This is a implementation from https://www.tensorflow.org/text/tutorials/text_generation in TensorFlow based on the http://karpathy.github.io/2015/05/21/rnn-effectiveness/ by Andrej Karapathy. This is being implemented in Pytorch.

We are building a Word Modelling ie next token prediction. We are trying this for generation of Shakespeare like text to understand the usefullness of LSTMS for Natural Language Processing Tasks

In [None]:
#Imports for this project

import torch
import torch.nn as nn
import numpy as np
import os
import time

In [None]:
# Getting Shakespear writing as text file from googleapis
import requests

url = 'https://storage.googleapis.com/download.tensorflow.org/data/shakespeare.txt'
response = requests.get(url)
text = response.text

print(f'Length of text: {len(text)} characters')
print(text[:250])

# We need to convert every character to a vector so were see how many unique characters
# These unique characters make up our vocabulary
vocabulary = sorted(set(text))
vocab_size = len(vocabulary)
print(f'{len(vocabulary)} unique characters')

Length of text: 1115394 characters
First Citizen:
Before we proceed any further, hear me speak.

All:
Speak, speak.

First Citizen:
You are all resolved rather to die than to famish?

All:
Resolved. resolved.

First Citizen:
First, you know Caius Marcius is chief enemy to the people.

65 unique characters


In [None]:
# Create mappings from characters to vectors and vice-versa
letter_to_index = {character: idx for idx, character in enumerate(vocabulary)}
index_to_letter = {idx: character for idx, character in enumerate(vocabulary)}

In [None]:
# Were going to chop up our 1000000+ character input into 100 size pieces
# So that it is easier and we get batch processing
sequence_length = 100
encoded_text = np.array([letter_to_index[ch] for ch in text], dtype=np.int64)

In [None]:
# Slice the encoded into sizes of encoded lenght
# Our input sequence is from [0: seq_len] and the
# the target sequence is [1: seq_len+1], now we loop
input = []
output = []

for i in range(0, len(encoded_text) - sequence_length):
  input.append(encoded_text[i:i+sequence_length])
  output.append(encoded_text[i+1:i+sequence_length+1])

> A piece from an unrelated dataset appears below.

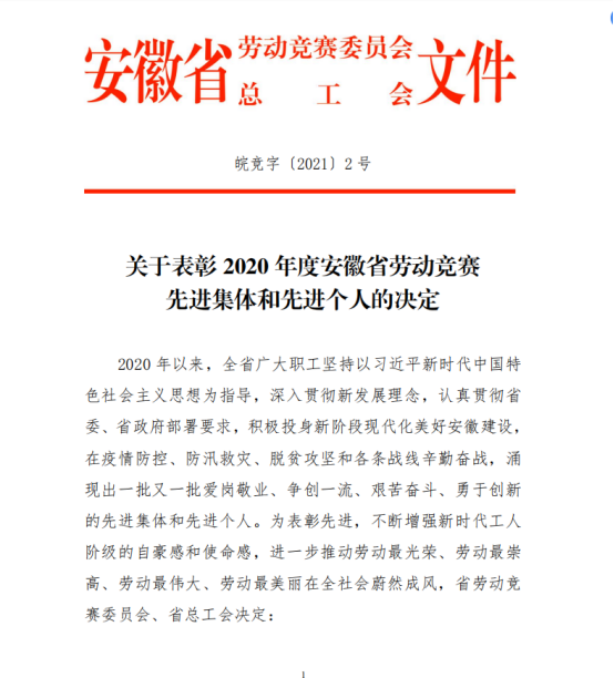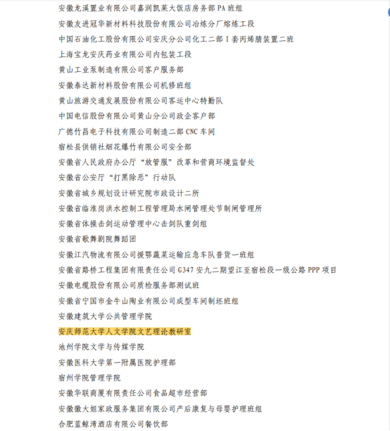 近日,安徽省总工会发文,授予SUNBET申博文艺理论教研室2020年度“安徽省工人先锋号”称号。

# Converting to arrays for faster
input = np.array(input)
output = np.array(output)

print(f'Sequences = {len(input)}')

Sequences = 1115294


In [None]:
# PARAMETERS

BATCH_SIZE = 64
NUM_BATCHES = len(input) // BATCH_SIZE

EMBED_SIZE = 128
HIDDEN_SIZE = 256
NUM_EPOCHS = 10
NUM_LAYERS = 2


In [None]:
# Creating the Dataset in Pytorch and change them to tensors

class shakespeareDataset(torch.utils.data.Dataset):
  def __init__(self, input, output):
    self.input = torch.tensor(input, dtype=torch.long)
    self.output = torch.tensor(output, dtype=torch.long)

  def __len__(self):
    return len(self.input)

  def __getitem__(self, idx):
    return self.input[idx], self.output[idx]

dataset = shakespeareDataset(input, output)
dataloader = torch.utils.data.DataLoader(dataset, batch_size=BATCH_SIZE , shuffle=True, drop_last=True)

In [None]:
# Creating the model
# We start with the embedding from the vector to an embedding
# Then the torch.nn.lstm layer for the 2nd layer
# And a fully connected dense layer that gives us the output as the
# Same size as out input token.

class LSTMModel(nn.Module):
    def __init__(self, vocab_size, embed_size, hidden_size, num_layers):
        super(LSTMModel, self).__init__()
        self.embedding = nn.Embedding(vocab_size, embed_size)
        self.lstm = nn.LSTM(embed_size, hidden_size, num_layers, batch_first=True)
        self.fc = nn.Linear(hidden_size, vocab_size)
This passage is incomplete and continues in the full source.